INFORMATION SUPPLIED —
━━━━━━━━

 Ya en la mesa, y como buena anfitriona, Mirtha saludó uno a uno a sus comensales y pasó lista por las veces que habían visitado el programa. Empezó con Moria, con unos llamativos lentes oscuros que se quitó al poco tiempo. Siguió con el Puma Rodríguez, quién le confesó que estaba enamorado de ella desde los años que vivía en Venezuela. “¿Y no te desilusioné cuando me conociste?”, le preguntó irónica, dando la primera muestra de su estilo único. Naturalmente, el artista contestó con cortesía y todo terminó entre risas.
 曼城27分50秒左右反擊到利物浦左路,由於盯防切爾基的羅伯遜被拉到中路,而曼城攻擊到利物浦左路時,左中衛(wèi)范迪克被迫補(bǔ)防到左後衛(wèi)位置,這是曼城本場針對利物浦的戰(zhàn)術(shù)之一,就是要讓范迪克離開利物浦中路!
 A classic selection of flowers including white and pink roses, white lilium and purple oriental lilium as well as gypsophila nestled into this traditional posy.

━━━━━━━━

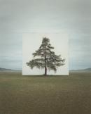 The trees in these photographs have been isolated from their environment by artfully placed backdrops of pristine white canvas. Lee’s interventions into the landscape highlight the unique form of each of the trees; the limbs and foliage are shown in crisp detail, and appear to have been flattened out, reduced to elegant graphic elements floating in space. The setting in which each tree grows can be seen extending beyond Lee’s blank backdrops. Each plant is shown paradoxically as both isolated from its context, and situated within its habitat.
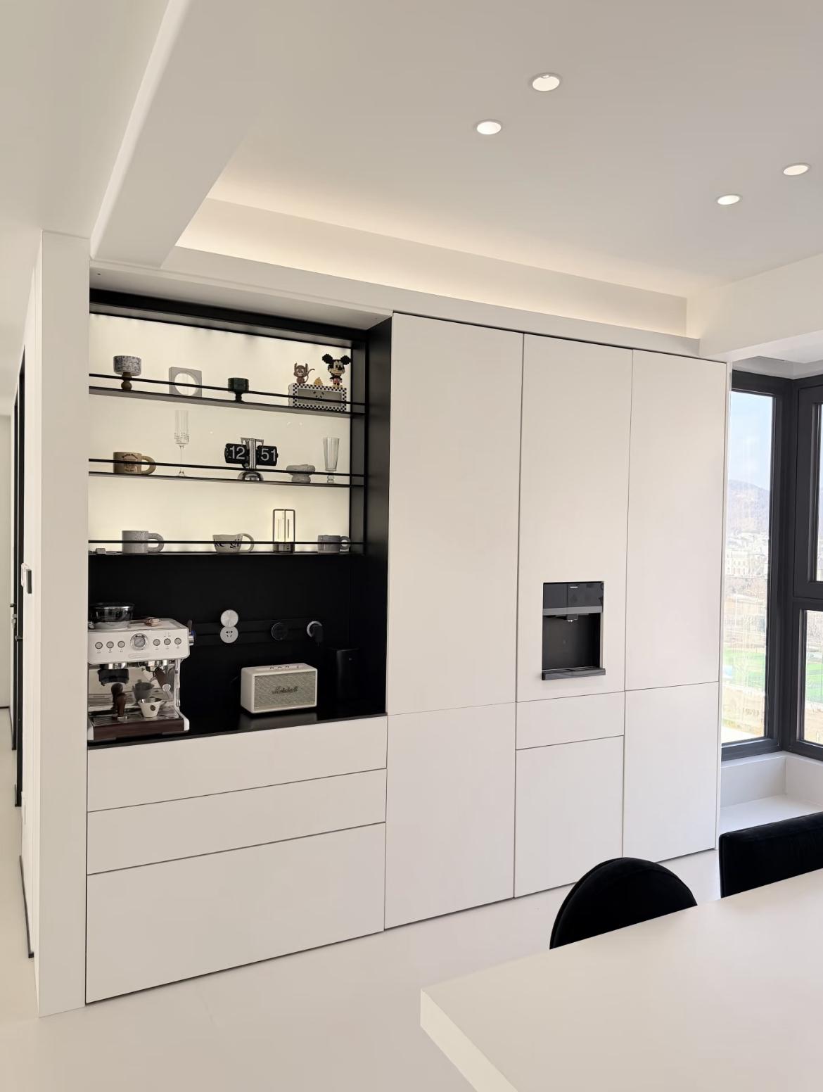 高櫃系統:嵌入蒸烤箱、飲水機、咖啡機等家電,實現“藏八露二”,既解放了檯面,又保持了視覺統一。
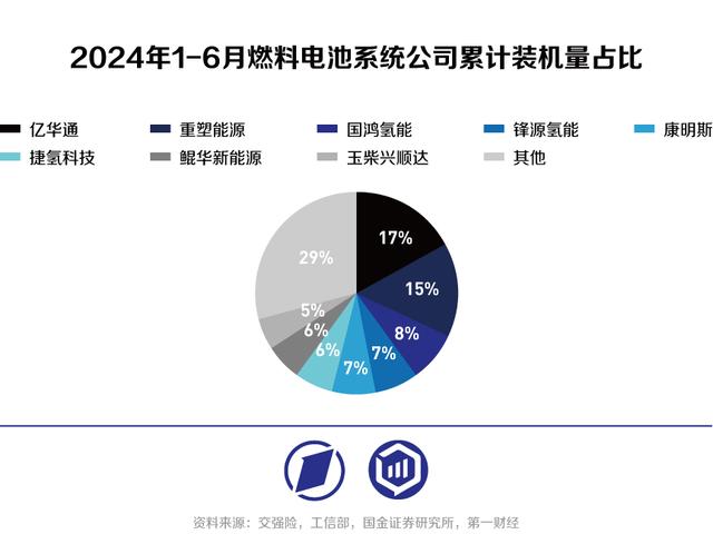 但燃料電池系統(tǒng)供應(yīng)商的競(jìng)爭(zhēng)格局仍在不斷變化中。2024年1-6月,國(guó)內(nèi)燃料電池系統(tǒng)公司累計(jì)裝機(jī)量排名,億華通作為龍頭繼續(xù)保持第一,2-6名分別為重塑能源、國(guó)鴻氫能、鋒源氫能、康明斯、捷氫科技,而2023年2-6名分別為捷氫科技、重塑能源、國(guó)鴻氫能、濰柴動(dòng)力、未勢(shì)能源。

━━━━━━━━

TASK DETAILS — Since only part of the listing is wanted, copy exactly the lines from the one holding "Ya en la mesa, y" to the one holding "A classic selection", both included.

EXPECTED OUTPUT —
 Ya en la mesa, y como buena anfitriona, Mirtha saludó uno a uno a sus comensales y pasó lista por las veces que habían visitado el programa. Empezó con Moria, con unos llamativos lentes oscuros que se quitó al poco tiempo. Siguió con el Puma Rodríguez, quién le confesó que estaba enamorado de ella desde los años que vivía en Venezuela. “¿Y no te desilusioné cuando me conociste?”, le preguntó irónica, dando la primera muestra de su estilo único. Naturalmente, el artista contestó con cortesía y todo terminó entre risas.
 曼城27分50秒左右反擊到利物浦左路,由於盯防切爾基的羅伯遜被拉到中路,而曼城攻擊到利物浦左路時,左中衛(wèi)范迪克被迫補(bǔ)防到左後衛(wèi)位置,這是曼城本場針對利物浦的戰(zhàn)術(shù)之一,就是要讓范迪克離開利物浦中路!
 A classic selection of flowers including white and pink roses, white lilium and purple oriental lilium as well as gypsophila nestled into this traditional posy.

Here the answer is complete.